Hebrew Gold Digger

Hebrew has recently risen as a top priority.  But with one stipulation: I don’t spend any money on the study of Hebrew, or any other studies for that matter.  Enough! I’ve already spent thousands of dollars between Hebrew, GRE’s, and GMAT’s, and I haven’t actually produced the tachlas (bottom line).  In fact, I am not even renewing my gym membership for a whopping 350 NIS ($110) per month because, tachlas,  I can run along our amazing Mediterranean.  And since I will always care more about my physique than Hebrew, if the gym goes, so do the expenses around my revived language ambitions.

This is precisely why I’ve adopted a new strategy called “Hebrew Dating.”  Here’s how it works: a guy strikes up a conversation (in Hebrew obviously) at the laundry mat, shuk, or most recently, the beach. I listen carefully to not miss the pick-up line, which will be my cue to giggle or something.  I respond in my best Hebrew, yet he somehow already knows I’m American.  He then thinks it’s appropriate to switch to English. Ha! Don’t think so buddy!!!! Continue in Hebrew, I say.  After an exchange of about 7-10 sentences, he’ll ask for my number.  I assess if he is generally decent and doesn’t have the  propensity to stalk.  If all seems good, I give him my number and schedule a time to meet within 48 hours.  This is Phase 1.

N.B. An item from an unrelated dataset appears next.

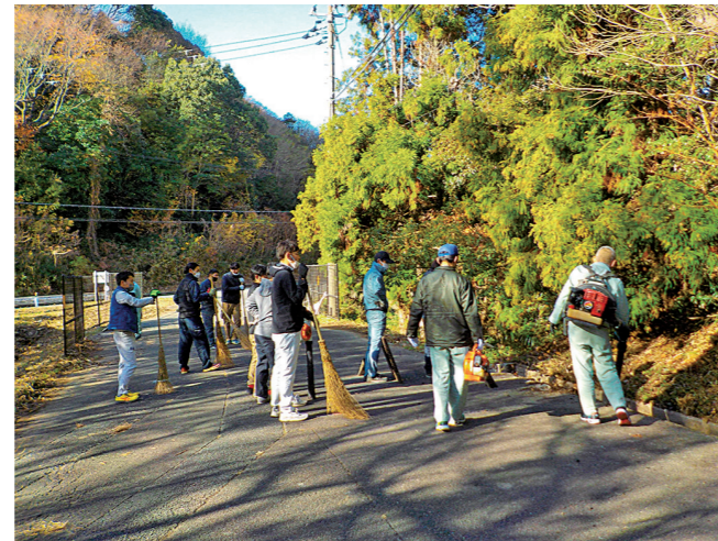
姫路市管工事業協同組合青年部

Phase 2: we meet a cafe close by to my house because I’m lazy, it’s hot, and I can’t be bothered to leave the center. The introductory stuff goes over smoothly because it’s been rehearsed countless times.  But then…soon enough I learn crazy words like “hardware engineer” and “platoon”!!!!! I typically understand 60% of what he’s saying, and he’ll NOT understand me by 70%. The “date” lasts for a little under two hours, which by then I’m exhausted and restless from speaking in a foreign language.  On the way back home, he’s counting his chances of scoring an American, and I’m counting the 130 sheks I’ve just saved on a private Hebrew lesson!

14 thoughts on “Hebrew Gold Digger

  1. This is a brilliant scheme! I may adopt this language gold digger plan to improve my Español while studying abroad in Madrid 😉

    • The if lesson is good and the guy is manageable, we’ll go for lesson #2, but THAT’S IT!!! Anything after lesson #2 indicates that I actually like the guy, and I drop the gold digging (for Hebrew, that is ;))

  2. הי,

    מסתבר שאתמול התפספס השיעור בעברית
    איך נתת לזה לקרות?

    איזה פוסט הצעת לי לקרוא אתמול?

    יש מצב להזמין אותך לכוס יין בטאפס בתחנה הישנה?
    אחרי הכל, זה אחד המקומות היחידים בעיר שאת עדיין לא מכירה…

    מבחינתי אני מתחייב על עברית,
    ואבא, אל תדאג, אני בחור הגון


    English translation of the above: Will you date with me?